Keti Okitashvili, 47, Tbilisi

“I was 33 when I was pregnant with Niku. I had a difficult pregnancy. In my 32nd week, my obstetrician demanded termination of pregnancy because of undoubted signs that the child would not be born healthy. My husband’s family suggested abortion on the pretext that my health would be compromised. I refused point-blank. I thought my health was in that particular case of secondary importance. That conversation took place on July 1. Niku was born on July 28. I packed my things on July 1 and left for home but I did not think that I was parting with my husband forever. I just assumed I had better get away for a while to avoid conflict, and more importantly, to give my child the chance to live. We have never seen Niku’s father since then…

Not that I am badmouthing him. No. I think men are generally weak and cowardly… He was under the influence of misinformation from his family and was afraid of the responsibility, so he ended up altogether avoiding it. Before Niku turned five, I gave him two gifts on every birthday and New Year – one from me and one on his father’s behalf so that he did not feel abandoned. Once he grew up, however, he saw things as they were.

Niku was born with congenital spina bifida. And that’s when my battle started… My mother passed away soon – she was worried sick about my divorce. Only my friends and my spiritual father, who is also Niku’s godfather, stood by me and helped me both financially and emotionally. Spina bifida is not a well-researched condition in Georgia, so the latest methods of treatment are largely unknown. Most patients are wheelchair users or have speech disorders and carry a shunt attached in head… Niku underwent the first surgery a few hours after birth. Our purpose was to close the exposed nerve endings; however, the rehabilitation period lasts for the entire life.

Niku did not have sense of feeling in legs, but he still walked – something we achieved by frequent massage courses. I search the internet about this condition and try to use the information myself and share it with other parents, because children diagnosed with this condition need to be treated in the right way. Our government does not even have statistics about such children.

Niku is now 13. He has a slight impairment in lower limbs. I do my best for him to feel a full-fledged member of the society and I compensate his condition by letting him pursue his passion – travelling. We have been very lucky – he has already been to 22 countries and he is the one to plan all those trips. I just follow him.

I try not to miss a single conference concerning spina bifida. There is an amazing practice abroad of inviting parents together with their children – while the parent attends the conference, the child gets to meet other children with the same condition. Once, in the US, I went to see Niku in the neighboring building after the conference. I saw him coming out of the elevator and pushing a wheelchair of a boy. This was the first time he realized there are people around him that need his help, not vice versa, as it is in our country, where there is a stigma that people with disabilities only need to be taken care of and that they cannot bring any benefit to the society.

Nika already shows professional interests. He is into airplanes and anything related to aviation. I have no idea when and how, but he has compiled a book about the planes existing in the world and now he’s going to publish the advance copy with the help of his friends.

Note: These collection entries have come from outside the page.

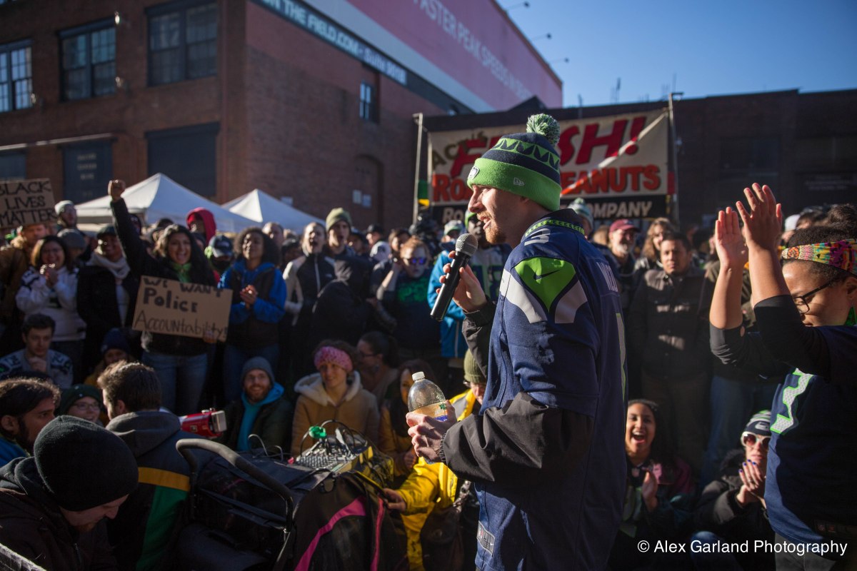 IMG_6784 Published December 14, 2014 at 5472 × 3648 in Seattle demonstrators take protest to Seahawks home game ← Previous Next → Random Seahawks Fan showing love and support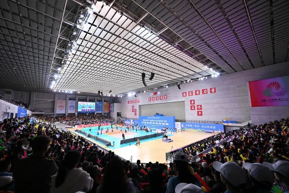 这是2025年11月20日拍摄的在广东江门举行的第十五届世界通达会排球男人成年组冠亚军决比赛现场。图/新华社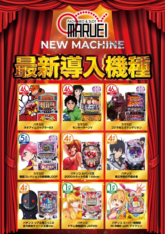 - [100円/90玉]パチ:150台 [4.386]パチ:120台 [1000円/46枚]スロ:90台 [1000円/180枚]スロ:30台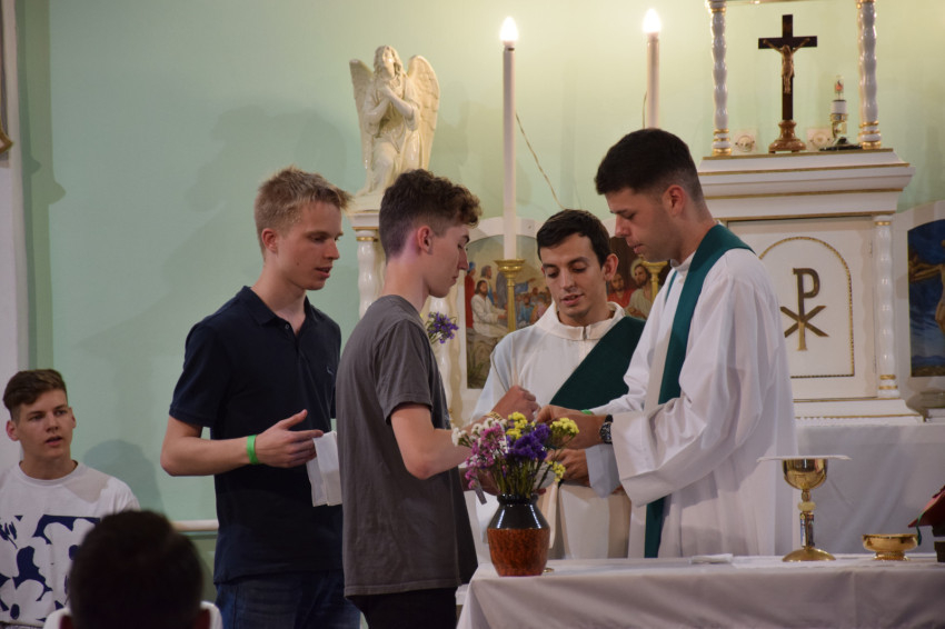 Gyulay Endre arra buzdította a fiatalokat, fordítsák figyelmüket, erőkérésüket istengyermeki kapcsolatuk építésére. A nap piros színe, a Szentlélek, az erő, a tűz színe azt üzente, mindenkit visszavárnak.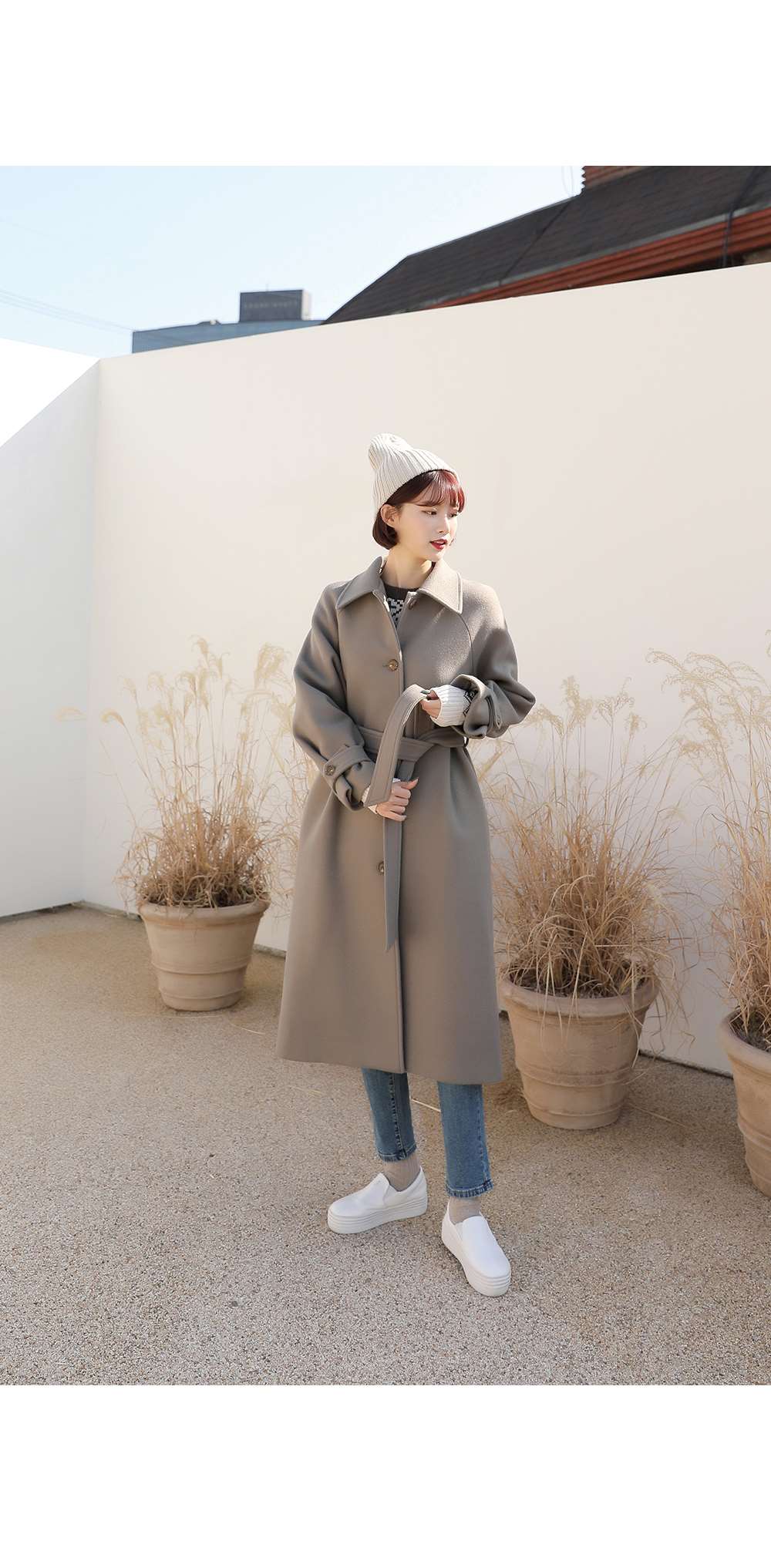 PLAYSPOP 腰带套装羊毛混纺单纽扣腰带长外套JPY带授权招加盟代理
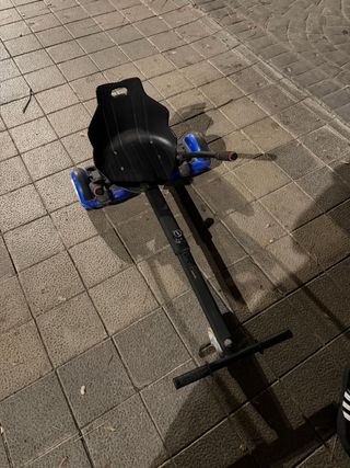 Patinete tipo hoverboard con asiento adaptable. Ideal para desplazamientos divertidos. - Asiento negro. - Ruedas azules. - Estructura metálica azul.

Last year, I showed the mockup of this book in the U.S. and was strongly advised to publish it, but back then, it seemed so unrealistic that I just laughed it off.

He has installed a soft in his computer to know the models of the planes arriving in Tbilisi airport, and the times of the arrivals. Once I was at work, in the night shift, when he informed me that the largest airplane in the world, Antonov, was to land in the airport for fuel. I sent the car to take Niku to the airport. He took many photos to add to his album.

It hurts me to say that I don’t see any future prospects for my child in this country. The attitude of the wide society and the medical personnel towards children with disabilities is so different abroad that what puts him down here will push him forward there. In some countries, the government takes care of everything I’m struggling to solve here. Niku wants to become a pilot but here he has to pass the requirement criteria he won’t be able to meet. However, there are countries that even have pilots in wheelchairs. Recently, he has been thinking of going into navigation though.

What I fear most is the future. A few days ago, I had a heart attack and had to be hospitalized. I realized at that moment that if something happens to me there will be nobody to take care of my son. I don’t mean my friends. I have many friends and they give us a lot of attention, but your own flesh and blood is different… I even thought of getting him close to his father, so that he has someone to care for him. How can I rely on the country that does not even have updated information about Nikusha’s condition and I have to fight tooth and nail with insurance companies to receive any medical service!

He once told me “mom, I’m your LEGO constructor – the most expensive one that you will use to build others on.” We are only half way to accomplishing that mission. If I were given a chance to start my life over, I swear I would not choose another path for me. This is the path that will let my child grow into a full-fledged individual and give him the future equal to others.”